Extending Flash Lifetime

Extending Flash Lifetime

Extending Flash Lifetime

The characteristics of flash memory are key factors to which the controller must adapt in order to achieve these goals. The process of writing data, the limited number of program/erase cycles of flash memory cells, and error handling are just a few examples of these characteristics, which are described in more detail below.

Programming data: pages and blocks

One key characteristic of NAND flash is that data is written and programmed in pages. Those pages are typically sized between 4 kB and 16 kB and can only be erased by erasing entire blocks, which consists of multiple pages. The fact that a cell within pages and blocks needs to be programmed and erased ‘in a flash’, is why it is called Flash Memory. Any cells that have been programmed to 0 can only be reset to 1 by erasing the entire block. Ultimately, before new data can be programmed into a page that already contains data, the current contents of the page must be copied to a different, empty page or erased if no longer needed. If no empty pages are available, a block must be erased before copying the data to a page in that block. The old page is then marked as invalid and is available for erase and reuse.

The controller manages this process of deciding which pages to use and keeping track of invalid pages that need to be erased. Also, it performs a function called ‘garbage collection’ by consolidating pages of valid data into blocks, creating empty blocks ready for erasing and reuse. During all data processes, the controller manages the mapping from the logical addresses from the host to the physical location in the memory. Another key feature of the controller is the insurance of data integrity if there is a power failure while data is being moved. This is especially critical when the power failure occurs in vital industries such as medical technology.

Limited program and erase cycles

The processes described above include complicated physical characteristics and relatively high voltages. Because of this, the choice of which blocks and pages to use becomes even more complex by the limited number of program and erase cycles that Flash cells can. To prevent early failure of pages, the controller performs a process called ‘wear levelling’ to ensure all flash blocks are used equally.

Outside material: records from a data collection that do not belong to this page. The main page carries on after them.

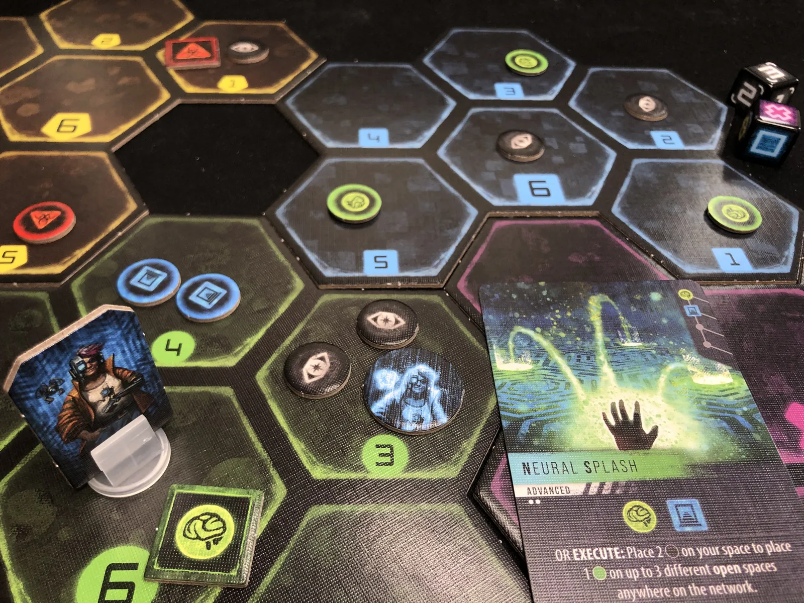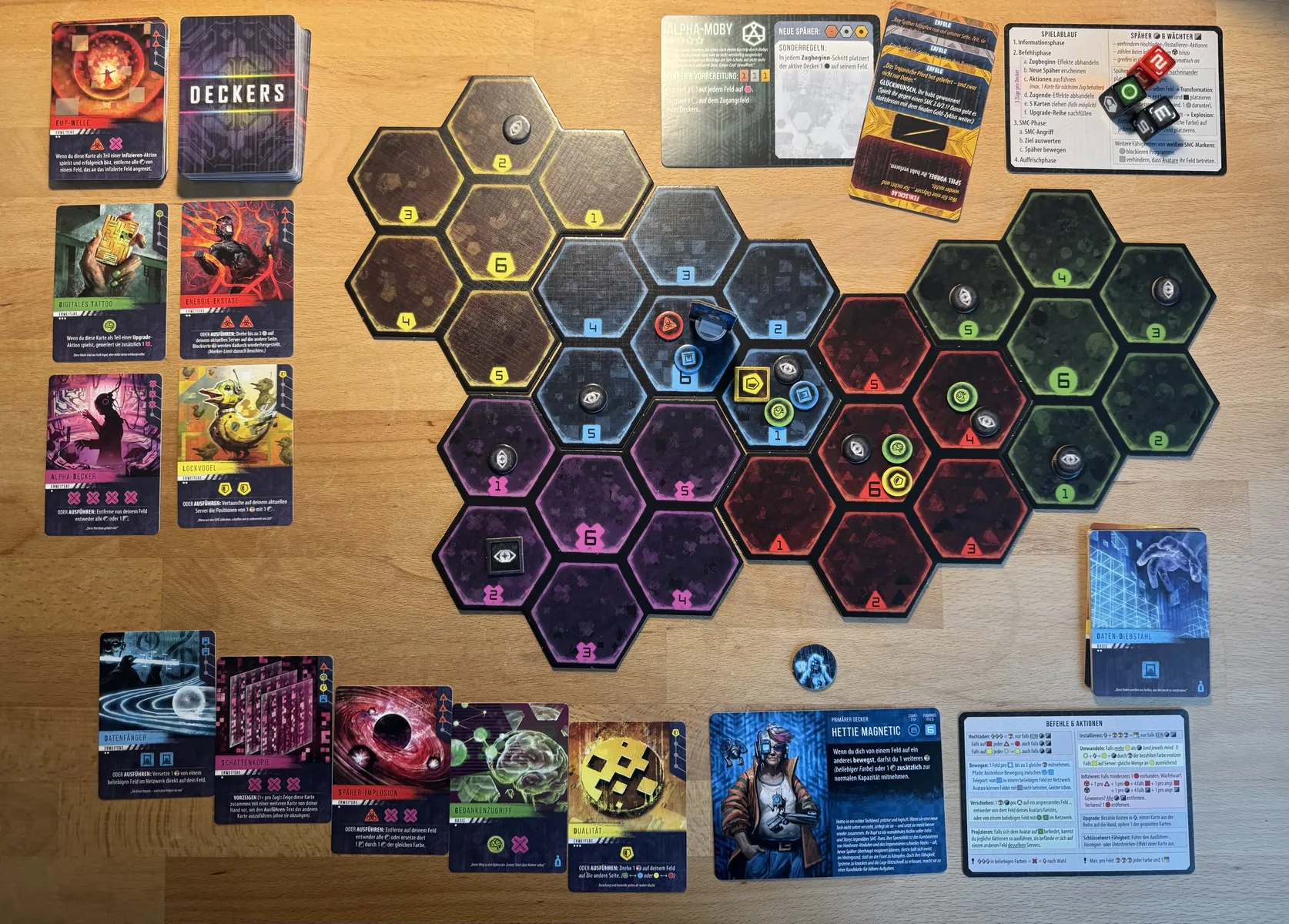 Ce que je note rapidement, c’est que les termes biscornus pour les différents pions ronds / carrés de toutes couleurs, ces termes dont personne ne pouvait se rappeler même si l’intention de soutenir le thème était louable, ces termes (disais-je donc) se font plus discrets dans les nouvelles règles : on y évoque plus facilement et simplement un programme (petit pion rond) rouge ou une installation (pion carré) verte…
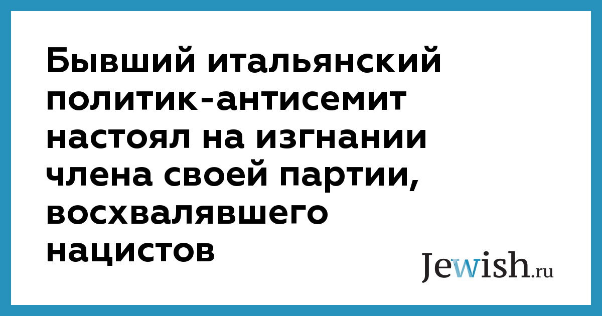 Бывший итальянский политик-антисемит настоял на изгнании члена своей партии, восхвалявшего нацистов
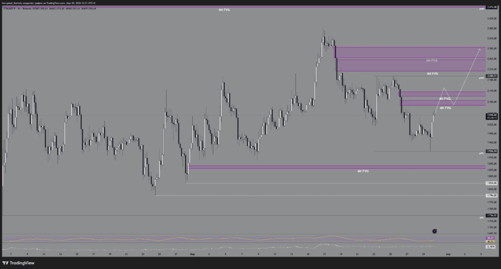 Логика: инструмент спускается, собирает стопы лонгистов, после чего получает мощный реверс, продолжает восстановление и поднимается выше $2000 для теста верхних пулов. Классическая манипуляция маркетмейкера.
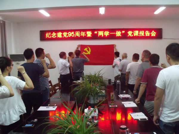 6月29日,蚌埠市公司黨委舉行了紀(jì)念建黨95周年暨“兩學(xué)一做”黨課報告會。會上,紀(jì)委書記王新進(jìn)首先帶領(lǐng)全體黨員進(jìn)行集體宣誓,重溫入黨誓詞。宣誓完畢,黨委書記邱軍給全體黨員作了題為《舉起右拳,面對鮮紅黨旗》的專題黨課,通過學(xué)習(xí)重溫建黨以來入黨誓詞的變化,使廣大黨員更加深刻理解了入黨誓詞是《中國共產(chǎn)黨章程》的重要內(nèi)容,是黨員入黨時對黨和人民作出的莊嚴(yán)政治承諾,是黨員為黨奮斗終生、獻(xiàn)身黨的事業(yè)的誓言和座右銘的重要?dú)v史和現(xiàn)實(shí)意義。邱軍要求每一位黨員要宣讀誓詞、牢記誓詞、維護(hù)誓詞、踐行誓詞,增強(qiáng)黨員意識,恪守承諾,守規(guī)履責(zé),在思想、政治、行動上做一名真正合格的黨員,立足崗位,充分發(fā)揮先鋒模范作用。
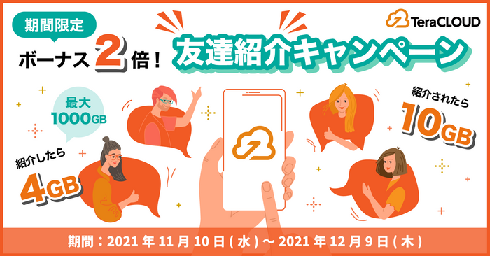 クラウドストレージ「TeraCLOUD」を紹介したら【+4GB】紹介されたら【+10GB】もらえる、友達紹介ボーナス倍増キャンペーンは12月9日まで👀
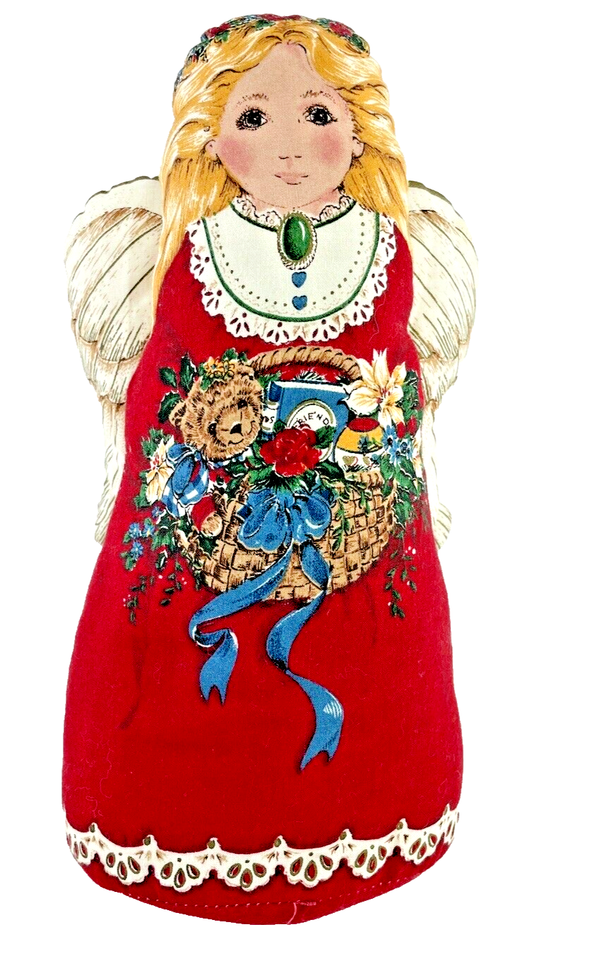 Handmade Angel Stuffed Plush Blond Basket Teddy Bear Red Green Gold
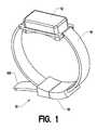 Other anti-tampering provisions are possible. Referring now to FIG. 4,lockable cover38 can be made of a conductive material such as aluminum. An electrical temperature sensor can then be placed on its internal surface and electrically connected tocontroller44. The temperature sensor would sense the normal human body temperature present when the device is present on the wearer's wrist. If the wearer removes the device, the sensor would detect the dropping temperature of lockable cover38 (so long as the ambient temperature is below human body temperature).Controller44 can then transmit a warning signal.

Error Correction and Bad Block Management

Another important task of the controller is detecting errors when reading data by using Error Correction Coding (ECC) as efficiently as possible. Recent ECCs can correct over 120 bit errors within 1kByte of user data. This means that up to 1 out of 70 bits read is expected to be incorrect relating to the Raw Bit Error Rate (RBER)! 

If repeated failures occur in a block or a block fails to erase, it is marked as bad and will not be used in the future. One important feature of flash memory is that they are built with additional spare blocks. So, in case a block shows an error rate beyond the tolerance limit, the block will not be used and will be marked as bad. Instead, another spare block will be used.

Health monitoring

Finally, let us look at tracking the current status and expected lifetime of the flash memory. This process is used to avoid unexpected failures and data loss. As with hard disk drives, the standard self-monitoring, analysis, and reporting technology (SMART) allow the controller to report the health of the flash memory.

Therefore, a state-of-the-art flash controller technology is key to enable flash-based storage products, ensuring high levels of endurance, reliability and operating life compared to hard disk storage.